Он ненавидел чиновный дух, а приходилось ему слишком часто им дышать, вернее, в нем задыхаться. Иногда он не выдерживал, говорил: «Снова неприятности: я предложил отступиться от шаблона - и влетело… Первая страна социализма, а пуще всего боятся «новшеств», инициативы…» Он рассказывал мне, как попытался в Америке изменить характер информации, ничего не вышло. «Мы не понимаем, чем мы вправе гордиться, скрываем лучшее, заносчивы, как неуклюжие подростки, и при этом боимся - вдруг какой-нибудь шустрый иностранец пронюхает, что в Миргороде нет стиральных машин».
Об американцах он говорил: «Способные дети. Порой умиляешься, порой невыносимо… Европа разорена, американцы после победы будут командовать. Тот, кто платит музыкантам, заказывает танцы… Конечно, Гитлер не нравится рядовому американцу: зачем жечь, если можно купить? Вот его логика. А расизмом вы его не возмутите… Не судите об американской политике по Рузвельту, он на десять голов выше своей партии…»
Как-то он сказал мне: «Моего «босса» рассердило, что мне не нравятся дома на улице Горького,- должны нравиться… Удивительно не то, что они ничего не смыслят в искусстве, это скорее естественно: искусство не их дело. Плохо, что каждый из них считает себя знатоком».
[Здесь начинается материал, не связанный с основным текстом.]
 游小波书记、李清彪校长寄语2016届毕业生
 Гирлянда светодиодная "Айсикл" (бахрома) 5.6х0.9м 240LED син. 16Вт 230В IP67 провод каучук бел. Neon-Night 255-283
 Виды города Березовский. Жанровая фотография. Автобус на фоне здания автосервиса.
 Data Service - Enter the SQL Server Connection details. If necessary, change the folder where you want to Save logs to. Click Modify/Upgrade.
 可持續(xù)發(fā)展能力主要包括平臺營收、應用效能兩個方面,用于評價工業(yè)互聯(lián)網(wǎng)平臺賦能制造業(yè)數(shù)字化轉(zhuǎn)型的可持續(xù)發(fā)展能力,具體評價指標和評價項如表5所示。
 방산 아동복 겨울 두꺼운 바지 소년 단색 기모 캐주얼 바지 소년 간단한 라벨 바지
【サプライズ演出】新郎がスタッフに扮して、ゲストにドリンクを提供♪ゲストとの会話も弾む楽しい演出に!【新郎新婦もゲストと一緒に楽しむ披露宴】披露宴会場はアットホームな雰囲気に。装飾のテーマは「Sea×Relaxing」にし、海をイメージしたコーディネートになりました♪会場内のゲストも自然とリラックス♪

В другой раз мы говорили о Пикассо (Константин Александрович его очень любил); он сказал: «Я как-то упомянул его имя, на меня гаркнули, он, дескать, шарлатан, издевается над капиталистами, живет за счет скандала. Почитайте стихи Шекспира секретарю обкома, который не знает английскою языка, он скажет: «Галиматья, сумбур вместо поэзии». Помните слова Сталина об опоре Шостаковича?… Л еще есть Жданов… Все, чего они не понимают, для них заумь. А их вкусы обязательны для всех».
Случайно у меня сохранилось несколько писем из Мехико. В одном Уманский, говоря о новом после Мексики в Москве Бассольсе, просит: «Вам стоит уделить ему время и не дать ему «скиснуть» в атмосфере московского дип-инкоровского корпуса. Не сомневаюсь, что беседы с ним на латиноамериканские, европейские и прочие темы доставят вам то же истинное удовольствие, какими они были для меня на очаровательной родине вашего Хулио Хуренито». В другом он пишет: «Посылаю вам каталог-монографию Пикассо в связи с недавней выставкой здесь его картин. Кстати, американская таможня задержала на несколько месяцев его холсты, отправленные сюда из США, считая, что они, возможно, содержат нечто вроде тайного кода».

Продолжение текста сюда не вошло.